Determine the amount of elastic strain induced.

[Winzer]

A steel alloy specimen having a rectangular cross section of dimensions 18.8 mm × 3.2 mm (0.7402 in. × 0.1260 in.) has the stress-strain behavior shown in the Figure. If this specimen is subjected to a tensile force of 108900 N (24480 lbf) then
(a) Determine the amount of elastic strain induced.
(b) Determine the amount of plastic strain induced.
(c) If its original length is 610 mm (24.02 in.), what will be its final length after the given strain is applied and then released?

Homework Equations

$$\sigma=\frac{F}{A}$$

The Attempt at a Solution

So I calculated at stress of about 1810.17 MPa. Which gives a strain of about 0.0225.
a) I drew a parallel line to represent the linear elastic recovery. The line intersects at about 0.0125(strain). So the elastic plastic strain is the recoverable strain right? so then this should be 0.0225-0.0125=0.01 right?
b) This is the permanent deformation which is not recoverable. 0.0125 right?

 

[PhanthomJay]

A steel alloy specimen having a rectangular cross section of dimensions 18.8 mm × 3.2 mm (0.7402 in. × 0.1260 in.) has the stress-strain behavior shown in the Figure. If this specimen is subjected to a tensile force of 108900 N (24480 lbf) then
(a) Determine the amount of elastic strain induced.
(b) Determine the amount of plastic strain induced.
(c) If its original length is 610 mm (24.02 in.), what will be its final length after the given strain is applied and then released?

Homework Equations

$$\sigma=\frac{F}{A}$$

The Attempt at a Solution

So I calculated at stress of about 1810.17 MPa. Which gives a strain of about 0.0225.

looks about right

a) I drew a parallel line to represent the linear elastic recovery. The line intersects at about 0.0125(strain).

OK

So the elastic plastic strain is the recoverable strain right? so then this should be 0.0225-0.0125=0.01 right?

No. The elastic strain portion of the 0.0225 total strain is determined from the value of the strain at the peak of the linear piece of the stress -strain curve.

b) This is the permanent deformation which is not recoverable. 0.0125 right?
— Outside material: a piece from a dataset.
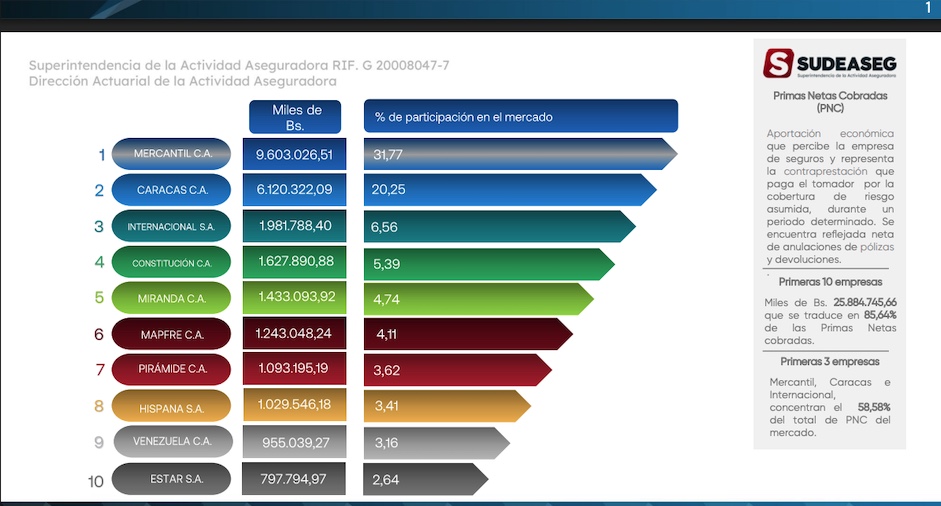 Mercantil Seguros y Seguros Caracas lideran el sector, al sumar entre ambas más del 52% del mercado.

it is the permanent strain that is not recoverable. It is not the plastic strain under the given load.

 

[Mene]

c) To find the final length, we can use the equation L = L0(1+e), where L0 is the original length and e is the strain induced. In this case, e = 0.0225. So the final length would be L = 610(1+0.0225) = 623.225 mm (24.526 in.).